MIDTOWN — The 38th annual Macy's Flower Show takes inspiration this year from Brazilian modernist landscape artist Roberto Burle Marx.
The show, called "Brasil: Gardens in Paradise," will be housed for the first time in a tent along Broadway from 35th to 34th streets from March 25 to April 7 while renovations are made inside the store. There will be native Brazilian flora including rare palm, papya and citrus trees.
“This year, a tour through Macy’s Flower Show is a tour through Brasil. Our vast, landscaped gardens reflect everything from the dense rainforests of the Amazon, to colonial Brasil, as well as the colorful inner cities and the beautiful gardens framed by the starkly modern architecture of Brasilia,” said Robin Hall, senior vice president of Macy’s Entertainment Group in a statement.
Burle Marx is known for introducing modernist landscape architecture to Brazil through is parks and gardens.
Architecture and sculputers in the show highlight his aesthetic.
Window displays along Broadway celebrate the country's Carnival celebration, with bejeweled mannequins surrounded by exotic plants and flowers.
The tent also features a 10-foot tall toucan, made in part out of multicolored flowers.
“The signature of each of Macy’s five Flower Shows this year will be a huge brilliantly colored topiary toucan created from organic materials like button flowers and exotic black leaves that along with the glorious gardens will truly capture the color, complexity and the diversity of this vibrant South American country,” said hall.
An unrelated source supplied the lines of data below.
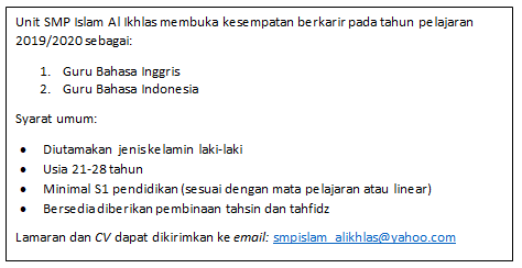 Perhatikan iklan lamaran pekerjaan berikut ini!
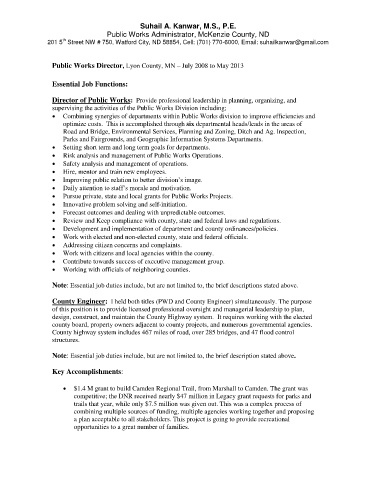 Public Works Director, Lyon County, MN – July 2008 to May 2013
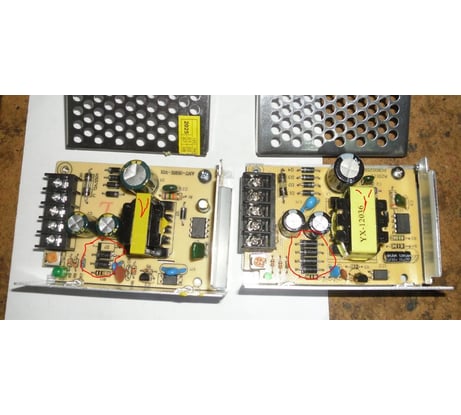 Заказали у китайцев , а этикеток лживых уже своих навешали , на фото элементарно это докажу (если модераторы не зарубят отзыв) у меня один в обин есть БП купленный на АЛИ , он заявляется как 12в 2а 25вт , так вот он куда на более мощной элементарной базе собран , импульсный трансформатор заметно крупнее , выход собран на 4х параллельных диодах шоттки (SR2xx) .а в этом издении на плате предусмотрено место лишь под три таких диода , но в запайке решили ограничится лишь двумя Формально эти диоды до 2а на штуку , но вот почему-то в моем БП на 2а стоит 4 диода , а на купленном сейчас где ток стоит 4,1а поставили лишь2 диода
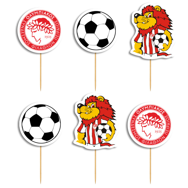 Μεγάλα τόπερ Ολυμπιακός 10cm για την διακόσμηση των cupcakes και του μπουφέ.
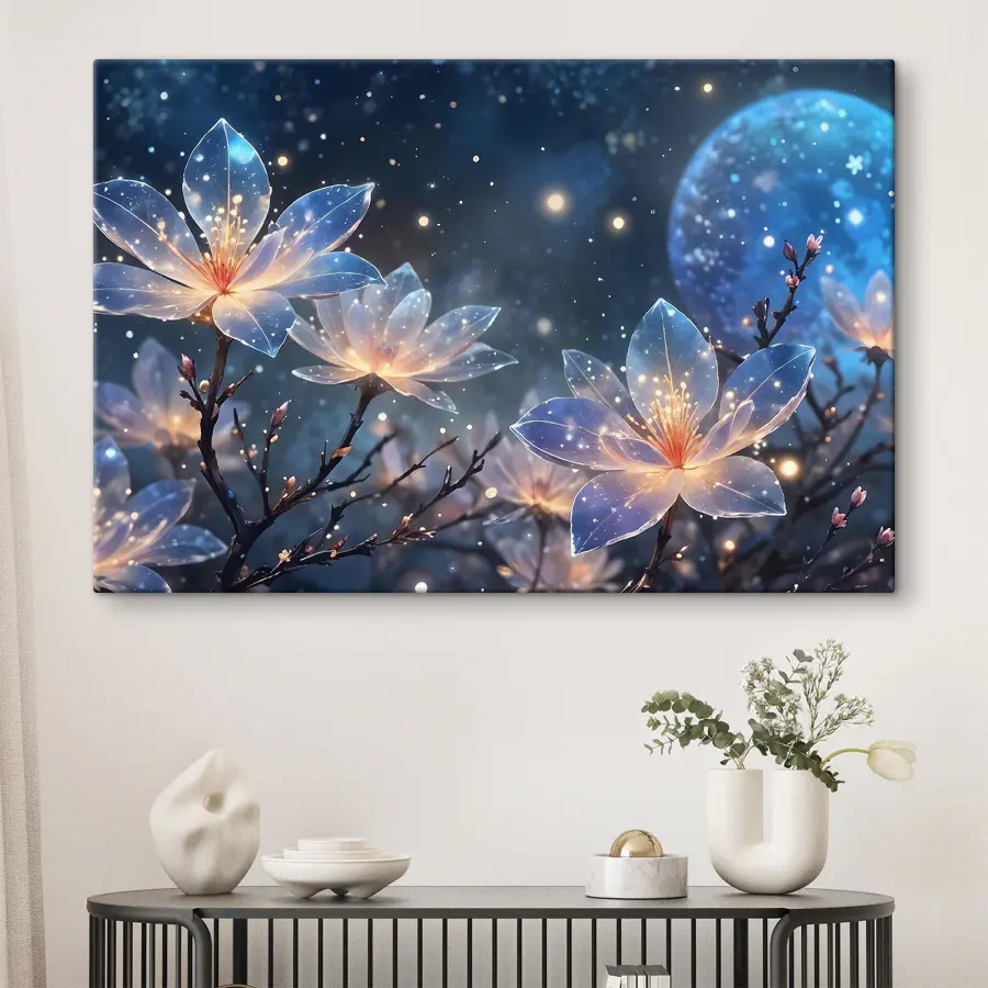 Odmień każdą przestrzeń dzięki temu czarującemu obrazowi na płótnie przedstawiającemu świetliste kwiaty. Wyobraź sobie, że wchodzisz do sennego ogrodu, w którym kwiaty delikatnie świecą pod rozgwieżdżonym niebem. To jak przeniesienie odrobiny magii do wnętrza! Idealny do rozjaśnienia przytulnego kącika lub jako dekoracja nad sofą. Goście mogą nawet zrobić podwójne spojrzenie – czy te kwiaty są prawdziwe? Dodaj odrobinę kaprysu i pozwól swoim ścianom opowiedzieć historię. Każde spojrzenie na tę grafikę jest jak delikatne przypomnienie, że piękno można znaleźć w najprostszych rzeczach. Kto by się na to nie uśmiechnął?

There will also be flower displays inside the store, including a Gucci garden featuring flowers that smell like their spring fragrances.
Two weeks of in-store performances, fashion shows and cooking demonstrations take place during the show.
Judy Collins is set to play the Herlad Square location show's opening day this Sunday at noon.
Also performing on Sunday from 11:30 a.m. to 1 p.m. is the group DanceBrazil, who will showcase a fusion of Afro-Brazilian movement, contemporary dance and Capoeira.
The show is free to the public and open during normal business hours.